Die Großmutter lächelte. Sie lächelte zu dem Bild hinüber, das über dem Nähtisch hing und ihre vier Kinder zeigte, drei Söhne und eine Tochter, alle erwachsen, groß und schön. Aber wenn man der Großmutter Gesicht sah, so merkte man, daß es ihr jetzt ähnlich ging wie in jenen Augenblicken höchster Angst, von denen sie vorhin erzählt hatte: sie sah nicht die Fotografie allein, sie sah viel, viel mehr. Sie sah durch die erwachsenen Gesichter die Baby- und Kindergesichter hindurchscheinen, bald das eine, bald das andere. Einmal ein Schuljungengesicht, dann das verträumte Lächeln einer Fünfzehnjährigen. Alle, alle Gesichter ihrer Kinder trägt eine Mutter in ihrem Herzen.

Christiane blickte Großmutter an.

Sie saß auf dem breiten, weißen Fensterbrett bei Großmutters Ohrenstuhl, draußen fiel ein lauer Frühlingsregen. Es war so still im Haus, daß man den Regen tönen hörte – wie eine Harfe klang er, fand Christiane, oder wie eine Glasharmonika. Ding dong, ding dong – Christiane hatte weder Harfen noch eine Glasharmonika je in ihrem Leben gehört, und doch wußte sie, wie die klangen. Aus Großmutters Geschichten wußte man alles. Man wußte, wie das Fleisch schmeckte, das die Hunnen unter ihren Sätteln mürbe ritten, man hörte, wie die große Glocke von Sankt Katrina in der alten Hansestadt klang, man kannte das Rauschen des Meeres und das Brüllen der Stürme –, alles, alles kannte man. Christiane sah noch immer zu Großmutter hin.

„Großmutter”, sagte sie aus tiefstem Herzen heraus, „Großmutter, warst du damals auch schon so schön wie jetzt?”

Da mußte die Großmutter lachen, sie lachte so laut und so herzlich, daß Christiane ganz erstaunt war.

„Du Dummerle, ach, du Dummerle. Schön! So eine alte Frau wie ich und schön!”

„Aber Großmutter, ich finde dich wirklich ...”

„Du bist doch das dümmste Mädel, das mir in meinem ganzen Leben begegnet ist”, lachte die Großmutter und stand auf. „Komm, es ist Zeit für Großvaters Kaffee. Womöglich ist er schon auf!”

Sie gingen zusammen in die Küche. Die Ottilie war längst fertig hier, alles stand und hing fein säuberlich und rein da, als wäre es nur zum Angucken gemacht. Überhaupt, diese Küche! Christiane liebte sie, und das kam keineswegs nur davon, daß es hier immer einmal etwas zu schnabulieren oder auszulecken gab, nein! Schon der Raum allein – hoch und gewölbt wie eine Kapelle und mit einem richtigen Rauchfang darin! Wo gab es das denn sonst noch, einen Rauchfang in der Küche, wo man, wenn man an einer Schnur zog, ein kleines Stückchen Himmel sehen konnte? Und außerdem – und weiter ...
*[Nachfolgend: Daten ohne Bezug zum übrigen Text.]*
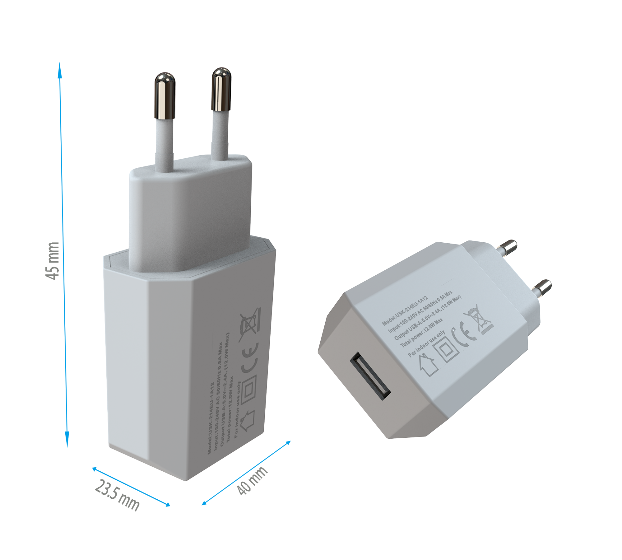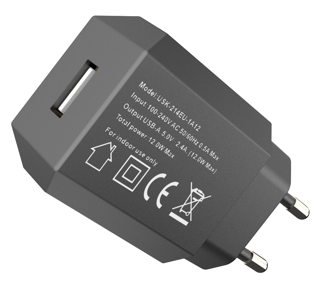 - Input:100-240V AC 50/60Hz 0.5A - Output:USB-AF:5V/2.4A (max.12W)

Die Küche war ein Märchenreich für sich, das stand außer jedem Zweifel. Da gab es einen uralten, schweren Mörser, in dem Großmutter in der Zeit vor Weihnachten Gewürze zerstampfte – ach, alle Pfefferkuchen schmeckten anders, wenn sie solche gestampften Gewürze zu schlucken bekamen. Sie waren nicht zu vergleichen mit gekauften oder mit solchen, die andere Leute backten, andere Leute, die keinen Mörser besaßen, sondern den Zimt und die Nelken, in Pulverform gekauft, lieblos in den Teig warfen. Schon allein, wenn man nach Gramm abwog! Gramm, gut genug, um nüchterne, langweilige Geschäftsbriefe danach auf ihr Übergewicht hin zu prüfen – für Pfefferkuchen mußten es Quentchen sein oder Prisen oder ein Spürlein, oh, und keine Hand konnte so mischen, so kneten, so formen wie Großmutters! Wenn sie die Schübe des Gewürzschränkchens aufzog und man den Duft spürte, der daraus stieg ...
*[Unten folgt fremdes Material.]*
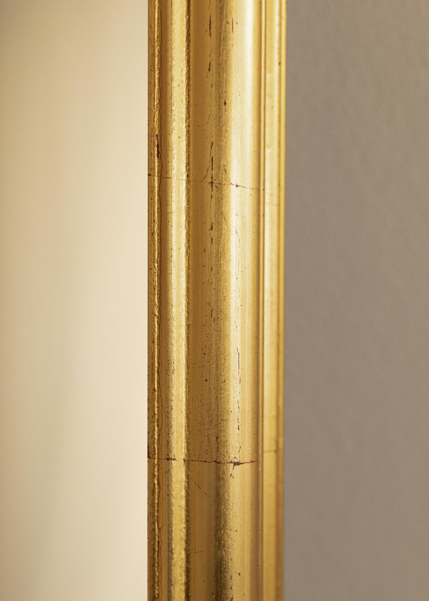 Το πλαίσιο είναι κατασκευασμένο από ξύλο ayos και έχει ένα απαλά καμπύλο προφίλ που συμβάλλει στη σοφιστικέ εμφάνιση του καθρέφτη. Η επιφάνεια είναι πατιναρισμένη με αντίκες με λεπτές ρωγμές και μικρές σκοτεινές λεπτομέρειες, προσδίδοντας στον καθρέφτη μια αυθεντική vintage αίσθηση. Η χρυσή του επίστρωση δημιουργεί μια ζεστή και κλασική ατμόσφαιρα, ιδανική για να προσθέσετε στο σπίτι σας μια πινελιά διαχρονικής κομψότητας.

Es gab auch sonst noch unzählige Herrlichkeiten in dieser Küche. Die Puddingform – aus blankem, tiefbraunem Kupfer und geformt wie ein Fisch, aber nicht wie ein gewöhnlicher Fisch, sondern einer mit einem Gesicht, gleichzeitig schön und gruslig –, das Holz des Tisches, blütenweiß und vom vielen Scheuern anzufühlen wie Samt, die Kaffeebüchse mit Bildern darauf ringsherum ...

Die Großmutter hatte das Flämmchen des Spirituskochers entzündet, nun stellte sie den kleinen blanken Kessel darauf. Er fing sogleich an zu singen, und dann klingelte die hauchdünne chinesische Tasse, aus der nur Großvater trinken durfte. Sie hatte einen goldgerandeten Deckel, den man umgedreht auf den Tisch legen konnte, um den Kaffeefilter darauf abzustellen. Eine Tasse mit Deckel – wahrhaftig, auch das gab es nur hier. Christiane sah Großmutters weißen, ein wenig welken Händen zu, wie sie hantierten, heute wie jeden Tag um diese Stunde, und atmete den Duft, gemischt aus Kaffee, Spiritus und der leisen, sauberen Feuchtigkeit, die aus den gescheuerten Dielen stieg.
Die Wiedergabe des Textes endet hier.